You declare inputs by name, type, and encoder. Depending on the type of input to the model you have a variety of options for encoders. Essentially encoders are a way of transforming your inputs such that it can be interpreted by the model. The choice of encoder really depends on the data and the modelling task.

model_type: ecd
split:
type: hash
column: Store_id
probabilities:
- 0.7
- 0.15
- 0.15
input_features:
- name: Sales
type: sequence
encoder: stacked_cnn
reduce_output: null
- name: Order
type: sequence
encoder: stacked_cnn
reduce_output: null
- name: Discount
type: sequence
encoder: stacked_cnn
reduce_output: null
- name: DayOfWeek
type: sequence
encoder: stacked_cnn
reduce_output: null
- name: MonthOfYear
type: sequence
encoder: stacked_cnn
reduce_output: null
- name: Holiday
type: sequence
encoder: stacked_cnn
reduce_output: null
- name: Store_Type
type: category
encoder: dense
- name: Location_Type
type: category
encoder: dense
- name: Region_Code
type: category
encoder: dense
#...omitted sections...

Declaring the Combiner

Combiners, as the name suggests, amalgamate the outputs of your encoders.
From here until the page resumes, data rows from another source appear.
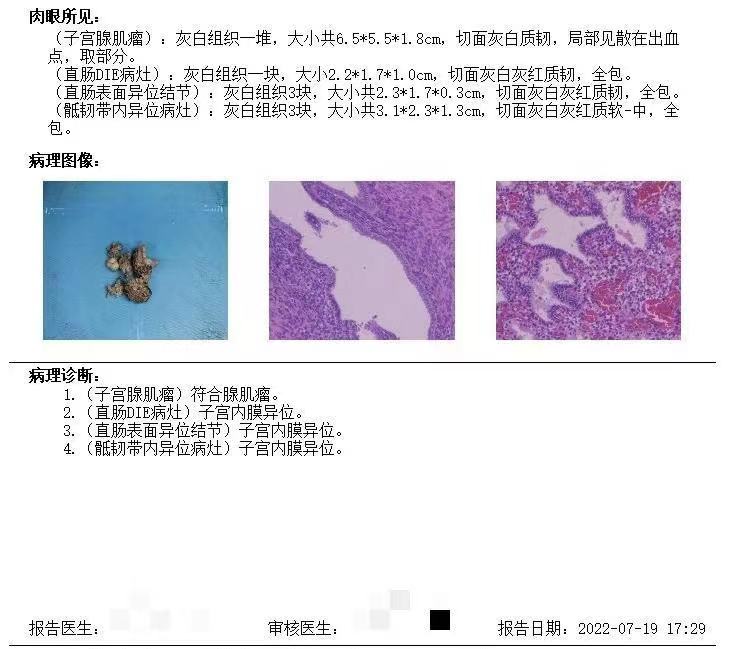 全身麻醉下行腹腔镜子宫腺肌瘤挖除术+骶韧带及直肠深部子宫内膜异位病灶切除术+直肠修补术+肠粘连松解术。
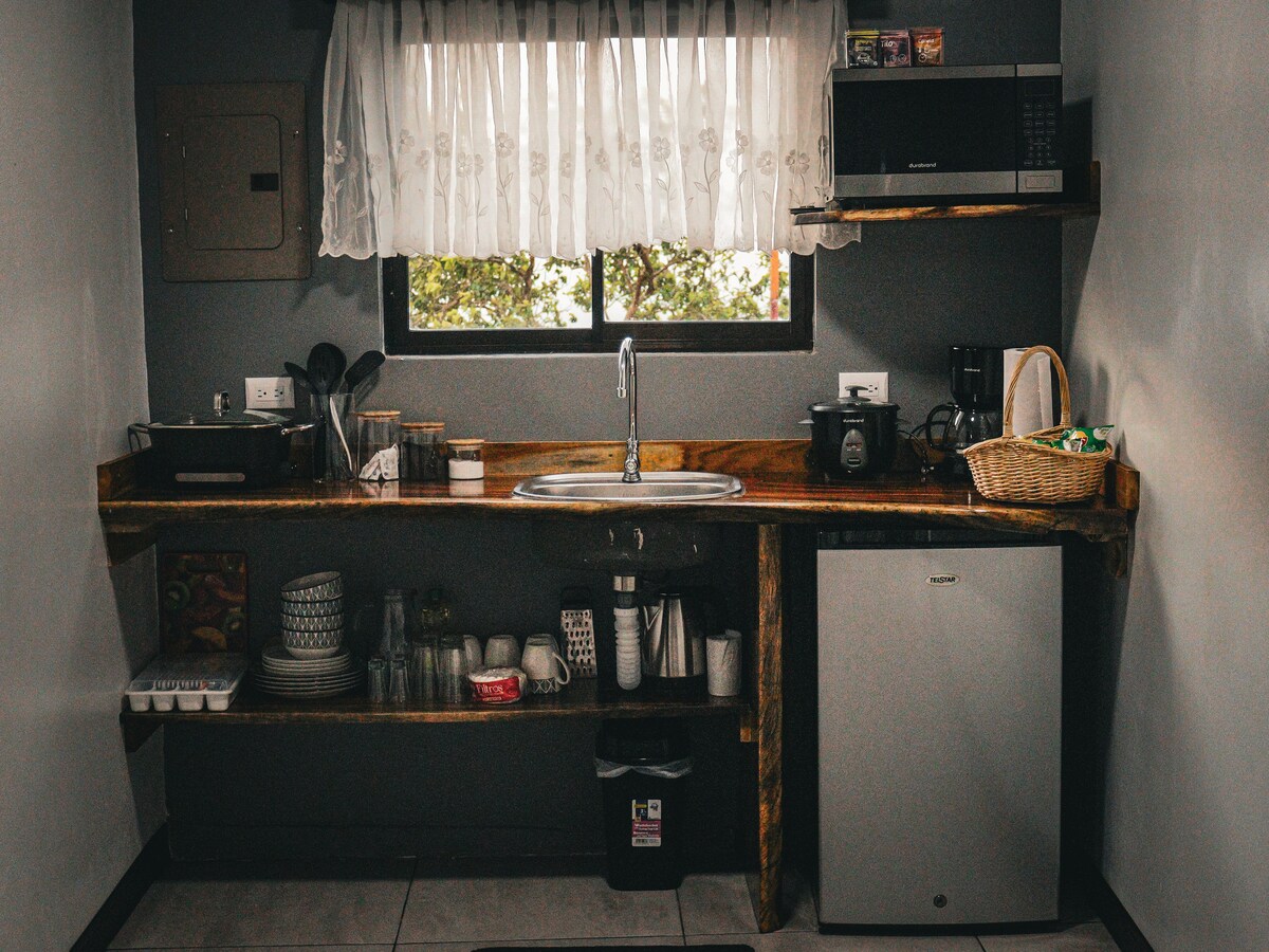 Relájate en este espacio tan tranquilo y seguro cerca del volcán 🌋 arenal , la cuidad esta a 6 minutos donde encontrarás de todo farmacias , Walmart , hospital, etc Dentro de la habitación hay menú de restaurante (Kenko)que te brindan servicio express gratis a la puerta 🚪 Estás en los árboles 🌳 el baño amplio conexión de Alexa , cama King , cocina de gas 💨 La habitación se llama Cedro por la madera de su interior
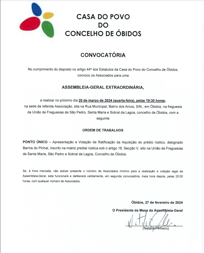 Convocatória Assembleia Geral – Ordinária – 20/03/20024
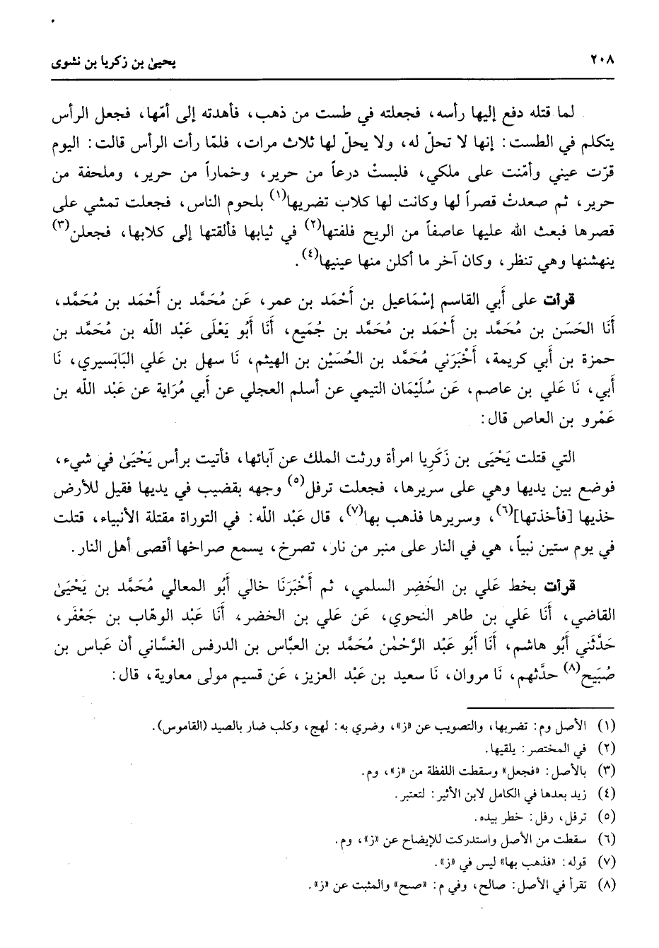 لما قتله دفع إليها رأسه فجعلته في طست من ذهب فأهدته إلى أمها فجعل الرأس يتكلم في الطست إنها لا تحل له ولا يحل لها ثلاث مرات فلما رأت الرأس قالت اليوم قرة عيني وأمنت على ملكي فلبست درعا من حرير وخمارا من حرير وملحفة من حرير ثم صعدت قصرا لها وكانت لها كلاب تضربها (1) بلحوم الناس فجعلت تمشي على قصرها فبعث الله عليها عاصفا من الريح فلفتها (2) في ثيابها فألقتها إلى كلابها فجعلن (3) ينهشنها وهي تنظر وكان آخر ما أكلن منها عينيها (4) قرأت على أبي القاسم إسماعيل بن أحمد بن عمر عن محمد بن () أحمد بن محمد أنا الحسن بن محمد بن أحمد بن محمد بن جميع أنا أبو يعلى عبد الله بن محمد بن حمزة بن أبي كريمة أخبرني محمد بن الحسين بن الهيثم نا سهل بن علي البابسيري نا أبي نا علي بن عاصم عن سليمان التيمي عن أسلم العجلي عن أبي مراية عن عبد الله بن عمرو بن العاص قال التى قتلت يحيى بن زكريا امرأة ورثت الملك عن آبائها فأتيت برأس يحيى في شئ فوضع بين يديها وهي على سريرها فجعلت ترفل (5) وجهه بقضيب في يديها فقيل للأرض خذيها فأخذتها (6) وسريرها فذهب بها (7) قال عبد الله في التوراة مقتلة الأنبياء قتلت في يوم ستين نبيا هي في النار على منبر من نار تصرخ يسمع صراخها أقصى أهل النار قرأت بخط علي بن الخضر السلمي ثم أخبرنا خالي أبو المعالي محمد بن يحيى القاضي أنا علي بن طاهر النحوي عن علي بن الخضر أنا عبد الوهاب بن جعفر حدثني أبو هاشم أنا أبو عبد الرحمن محمد بن العباس بن الدرفس الغساني أن عباس بن صبيح (8) حدثهم نا مروان نا سعيد بن عبد العزيز عن قسيم مولى معاوية قال
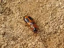 Badister bullatus is an orange and black ground beetle with a length of 5-6.55 millimeters.[3]
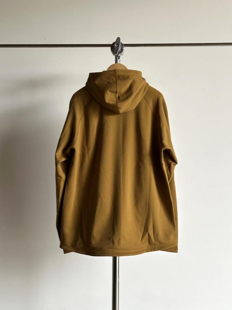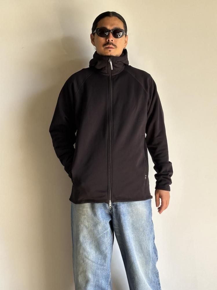 素材にはPolartec® Power Stretch® Proを採用。ポリエステルによる保温性と吸湿性、ナイロンによる強度、エラスタンによるストレッチ性という三重構造で、パフォーマンスと耐久性を兼ね備えています。なめらかで丈夫な表面はレイヤリングに最適で、長年のハードな使用にも耐えます。内側は起毛加工で肌触りが良く、優れた通気性と吸湿性を発揮。高めの襟、フィット感のあるフード、ジッパー付きハンドポケット、そしてフードや裾に隠された調整機能など、細部まで機能性を追求しています。
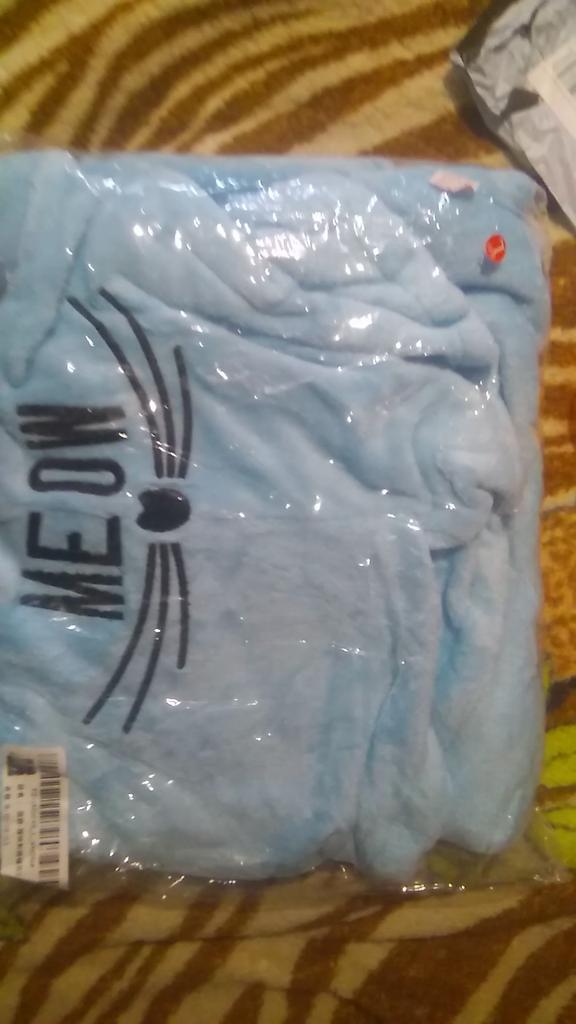 The order went for a month (and I did not like it). Fleece material, very pleasant. The color is bright.
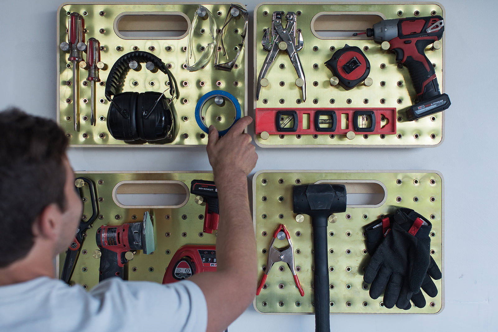 Load it with the tools you need, lift it from the wall with the built-in handle, and bring it wherever the job takes you. The threaded peg system locks each tool securely in place, while dual-purpose hooks let Rigge hang on doors, mount on walls, or stand on its own — always keeping your essentials within arm’s reach.
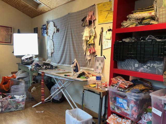 So this goes out to Linda and Mary. We cheer each other up. One day I made a drawing with them both on speaker phone. We go waaayyy back. My sewing studio is a mess but come on in…
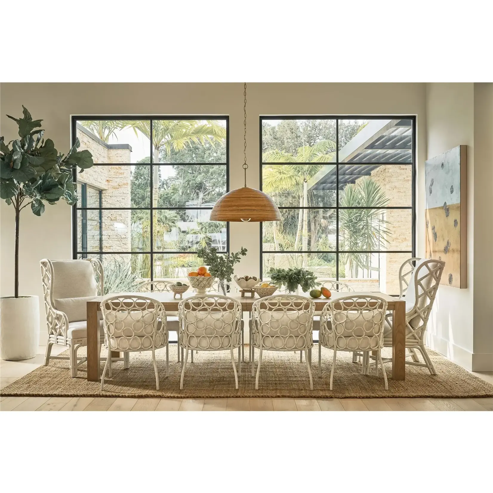 Rattan is woven into a series of circles, creating a soothing pattern in the Pebble Dining Chair. The chair also features an upholstered seat and kidney pillow for added comfort and style
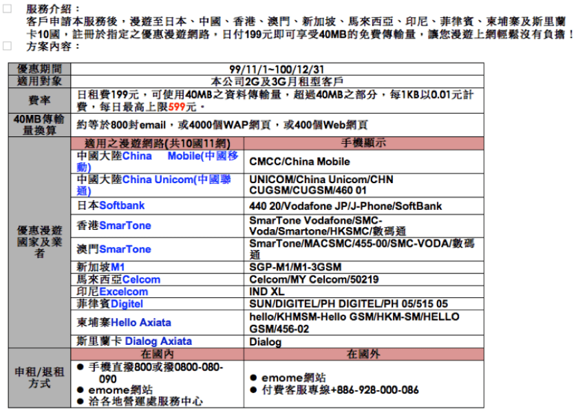 台灣大哥大在 6 月底前有一個促銷方案, 1 天吃到飽 399 元, 3 天 1099 元, 5 天 1799 元. 這個應該是測試市場用的, 趕快支持一下. 希望電信業者趕快降價給我們.
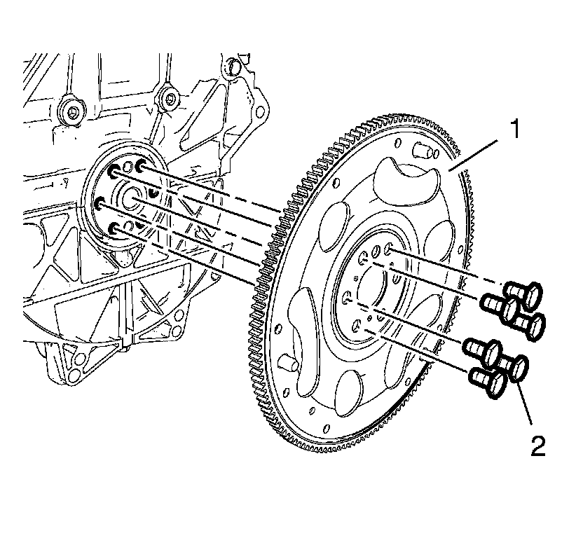 2. Install the 6 automatic flex plate (1) and 6 NEW automatic transmission flex plate bolts (2) handtighten.
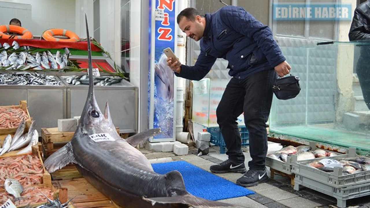 Marmara Denizi'nde yakalanan kılıç balığı, görenleri şaşırtıyor.
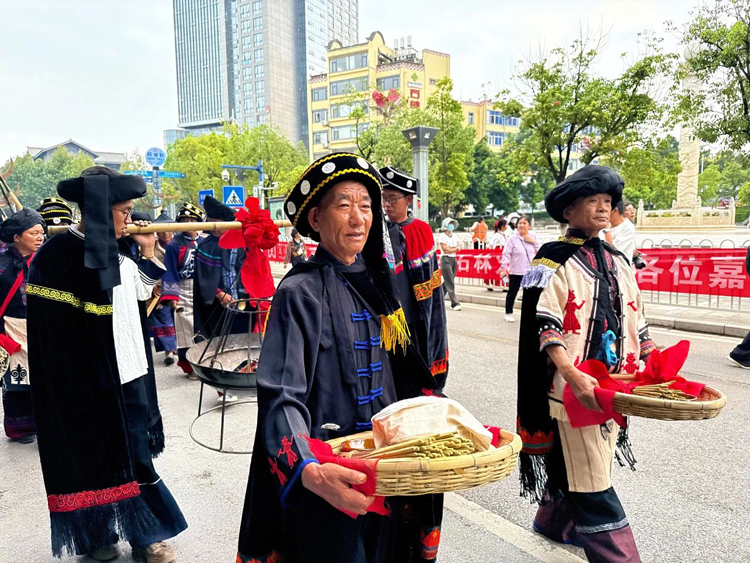 7月17日,農曆六月廿三,火把節前一天,從石林縣城到圭山國家森林公園,一場莊重肅穆的2025石林火把節“辭舊火·迎新火”儀式盛大舉行。 送舊火、取新火、迎新火……石林縣再現火把節傳統“火鐮擊燧石”的神聖典禮,延續遠古先人留下的傳統取火管道,採集火把節的火種,意蘊文明之光薪火相傳。
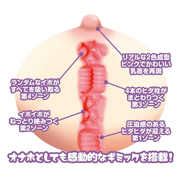 ひだひだタイプは、左右からの圧迫感のあるヒダヒダがお迎えし、イボイボが絡みつくゾーン、4本のヒダ柱がまとわりつくゾーン、そしてランダムなイボがすべてを吸い取るフィニッシュエリアへと続きます。
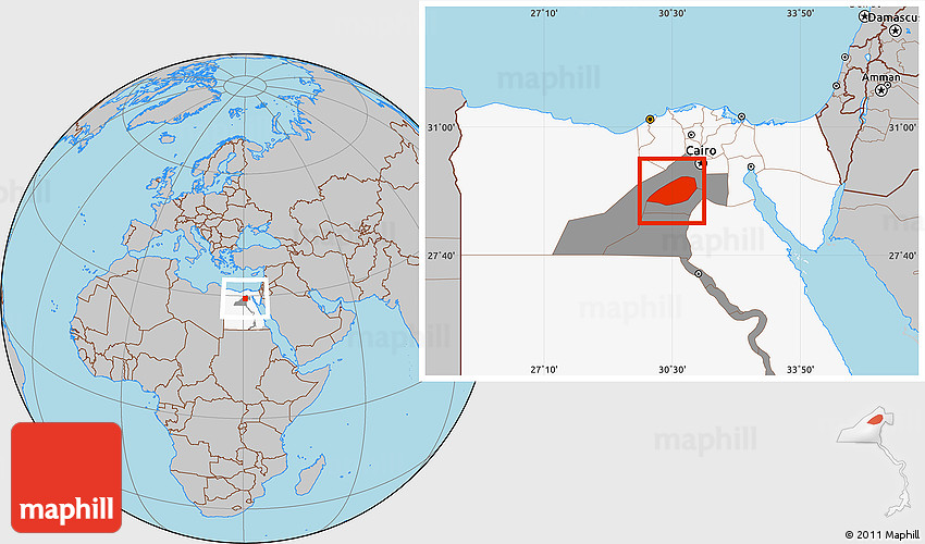 Maphill is a collection of map images. This image combines a gray map with the globe centered on Al Fayyum (Fayoum). Use the buttons under the image to switch to different map types.

The Ludwig API offers an array of different combiners, each with its own specific use case. The choice of combiner can depend on the structure of your model and the relationships between your features. For instance, you might use a ‘concat’ combiner if you want to simply concatenate the outputs of your encoders, or a ‘sequence’ combiner if your features have a sequential relationship.

model_type: ecd
split:
type: hash
column: Store_id
probabilities:
- 0.7
- 0.15
- 0.15
input_features:
- name: Sales
type: sequence
encoder: stacked_cnn
reduce_output: null
- name: Order
type: sequence
encoder: stacked_cnn
reduce_output: null
# ... omitted sections ...

- name: Location_Type
type: category
encoder: dense
- name: Region_Code
type: category
encoder: dense
combiner:
type: sequence
main_sequence_feature: Order
reduce_output: null
encoder:
# ... omitted sections ...

As with many aspects of deep learning, the optimal choice of combiner often depends on the specifics of your dataset and problem, and may require some experimentation.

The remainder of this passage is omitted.